Though King’s activism was publicized in the early 1960s at moments like the March on Washington and the Selma to Montgomery marches, King was an activist until his final day, shifting his focus to economic equality. His death struck a nerve in every American city, with race riots bringing everyday life to a grinding halt. Less than a week later, a wooden farmer’s cart pulled by two mules brought King’s casket to its final resting place in Atlanta, Georgia with tens of thousands lining the streets to mourn. 

A hunting rifle left at the scene of the crime was fingerprinted to reveal the shooter was James Earl Ray, an escaped convict and outspoken racist. An FBI manhunt traced Ray to a London airport, where he was arrested and returned to the U.S. At his trial, Ray pleaded guilty to avoid the electric chair and was thus sentenced to 99 years in prison. 

Though King died that day, his memory lives on as one of the most famous Americans to ever live. His legacy is memorialized in monuments nationwide, with the most prominent being the Washington, D.C. memorial. King is the first African American and fourth non-President to have a memorial on the National Mall. 

On April 4, 1973, 49 years ago, the World Trade Center, commonly known as the “Twin Towers,” opened in New York City. 

The North and South Towers of the World Trade Center opened at a troubling time in New York history. Plagued by economic recession and reeling from the effects of suburban sprawl, the island of Manhattan was a nightmare for many, with Central Park being home to murders and drug deals, and the city facing bankruptcy. When the Big Apple looked for federal aid, President Ford infamously told New York to “drop dead.”  

While many thought the city was on its last leg, the towers defied the times and brought New Yorkers a newfound sense of pride, surpassing the Empire State Building to become the tallest building in the world. Though it would only hold the title for one year — surpassed by the Sears Tower in Chicago — the towers would immediately become a dominant feature of the Lower Manhattan skyline. When the prosperous years of the late 1980s and 1990s brought about a New York Renaissance, the towers were still there. People around the world recognized the World Trade Center with every establishing shot of any New York-based film or series. From “Friends” to “Sex and the City,” the towers could always be recognized as the biggest buildings of the biggest city in America. 
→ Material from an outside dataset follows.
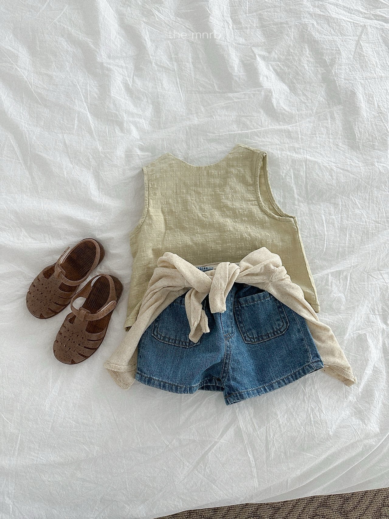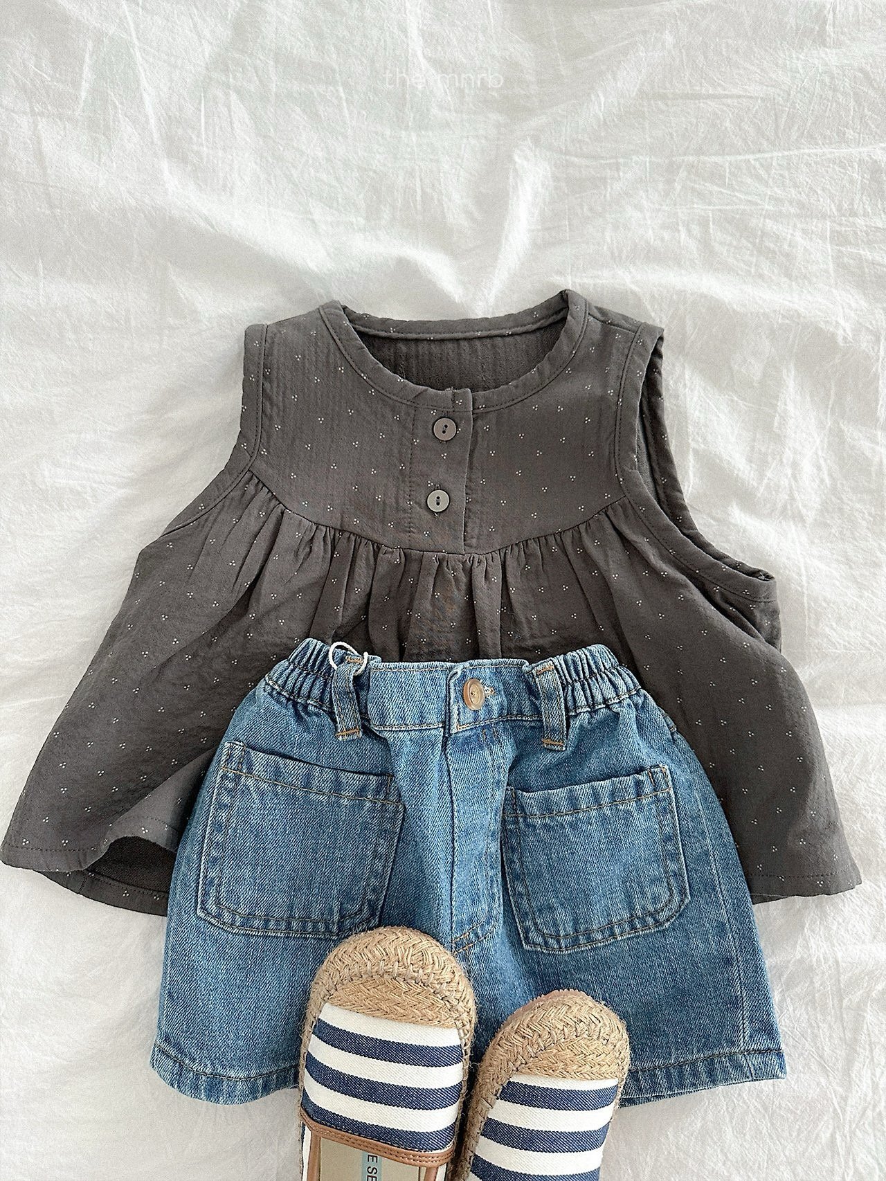 一款以可愛細節為亮點的牛仔短褲

While Sept. 11, 2001 saw the final stand of 1973’s World Trade Center, the towers are still alive in the city and nation’s memory, now serving as a testament to the strength of a people who overcame a tremendous sorrow. Every year on the evening of Sept. 11, the Tribute in Light, a series of 88 searchlights aimed at the sky, recreates the towers’ effect on the New York skyline to honor what was lost.